Page 8 of Mirage


  “How far north?” Juan asked. With the Aral Sea shrunk to a quarter of its size, there were tens of thousands of miles of exposed seafloor between here and the Kazakh border.

  “We do not know.”

  That statement hung in the hot air for several seconds.

  “But there is someone who might,” Mina said.

  Juan cocked an eyebrow in her direction.

  “He often traveled with old Yusuf,” she explained. “He was once a fisherman on the Aral before the waters went away. Now he is just an old man, but Karl claimed that Yusuf knew the lake bed as sure as he’d once known its surface.”

  “Did you question him about where Karl had gone?”

  “Of course,” Kamsin said. “But like many of the old-timers, his directions were vague. He talked about certain islands and winds and how the earth felt. He could give us nothing concrete.”

  “And you didn’t want to go out and look for yourselves?” Juan asked, already suspecting the answer.

  “If what Karl found got him killed . . .” Kamsin replied, his voice trailing off.

  “I understand,” Juan said to both of them. Kamsin had a job, a life he would not want to jeopardize, and had probably been living in fear that his ignorance might still not keep him safe. Mina’s motivation for not investigating further was nibbling chocolate in the next room. “What about Yusuf? Would he be willing to go back?”
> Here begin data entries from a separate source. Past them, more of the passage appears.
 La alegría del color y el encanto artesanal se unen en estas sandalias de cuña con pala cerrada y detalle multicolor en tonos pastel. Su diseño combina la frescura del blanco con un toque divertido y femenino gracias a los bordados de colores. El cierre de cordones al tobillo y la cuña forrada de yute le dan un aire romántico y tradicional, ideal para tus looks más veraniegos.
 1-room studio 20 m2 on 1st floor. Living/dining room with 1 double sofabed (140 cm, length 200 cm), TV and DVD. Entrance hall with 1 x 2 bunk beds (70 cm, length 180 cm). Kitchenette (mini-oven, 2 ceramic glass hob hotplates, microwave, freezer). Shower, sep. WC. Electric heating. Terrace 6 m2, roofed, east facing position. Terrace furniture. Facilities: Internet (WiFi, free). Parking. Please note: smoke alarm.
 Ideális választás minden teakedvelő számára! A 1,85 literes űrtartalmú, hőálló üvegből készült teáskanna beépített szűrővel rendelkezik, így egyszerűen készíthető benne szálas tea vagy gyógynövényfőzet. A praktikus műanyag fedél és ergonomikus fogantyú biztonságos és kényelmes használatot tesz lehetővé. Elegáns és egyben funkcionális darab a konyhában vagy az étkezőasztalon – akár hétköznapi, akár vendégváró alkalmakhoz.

  Kamsin had to think for a moment. “It is possible. He didn’t volunteer when Mina and I first questioned him, but we didn’t exactly ask to be shown either.”
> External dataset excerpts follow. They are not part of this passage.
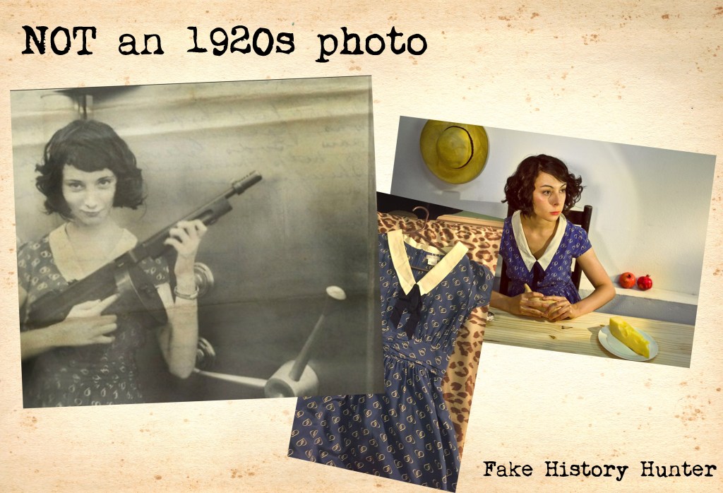 The black and white picture of “Madam Moll” an 1920s bank robber with her machine-gun has been going around the internet for almost a decade and is clearly a modern fake but now and then someone still seems to think it is real.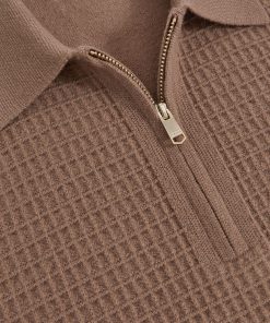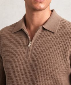 Knitted from 100% Wool, the Camel Brown Hamilton polo shirt features a textured waffle finish that adds depth to its casual shape. A half-zip neckline refines the look with a modern edge. 100% Wool Waffle knit Long sleeves Ribbed hem and cuffs Half-zip The model is wearing a size M. Measurements of model: 6ft 3″ / 190.5cm.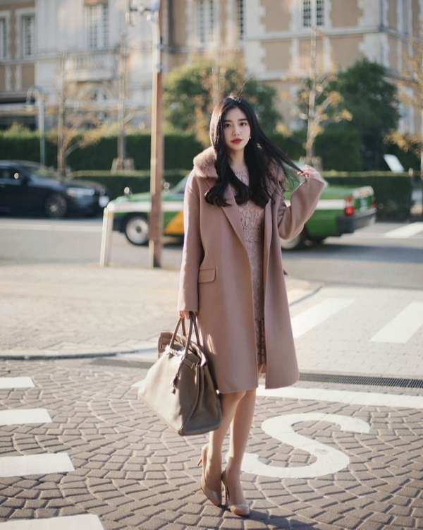 Sắc hồng pastel là một gam màu phổ biến. Với ngày đầu xuân se lạnh, các nàng có thể mix áo dạ dáng ngắn cùng váy len cổ lọ màu xám trung tính để cân bằng set đồ trẻ trung, trang nhã mà vẫn rất sành điệu.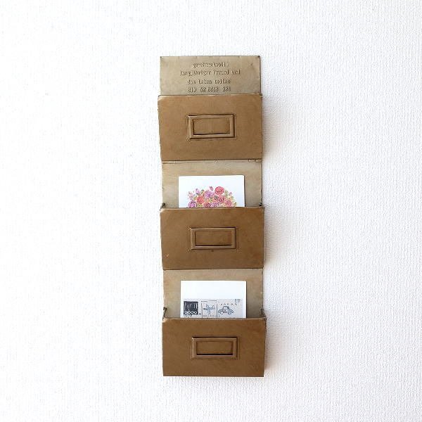 - ウォールポケット アンティーク おしゃれ 3段 縦長 金属 レターラック CD シャビーなブリキのカードラック 送料無料(一部地域除く) spc5605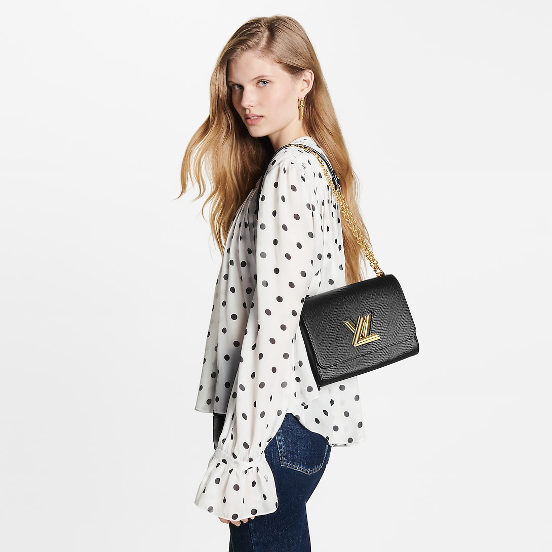 Crafted from the House’s emblematic Epi leather, the Twist MM chain bag features the now-iconic LthtV Twist lock, a sculptural signature in gleaming golden metal. Unexpectedly roomy thanks to the cleverly designed “wave” base, this beautifully made bag is a fashionable day-to-evening companion. The sliding chain strap can be doubled for shoulder carry or lengthened for cross-body wear. A New Classic of the House, the Twist bag was introduced at the 2015 Cruise show.

  “Of course,” Juan said, knowing both were embarrassed by not following through on what had gotten Karl Petrovski murdered.

  The Uzbek people had only been independent from Russia for twenty years. These two were old enough to remember what life was like under a Stalinist regime. People didn’t ask questions, didn’t make eye contact with strangers, and never made themselves noticeable to anyone else. It was the only way to stay safe. As much as Karl’s death hurt both Mina and Kamsin, they wouldn’t—couldn’t—do anything but accept the official ruling from Moscow and move on.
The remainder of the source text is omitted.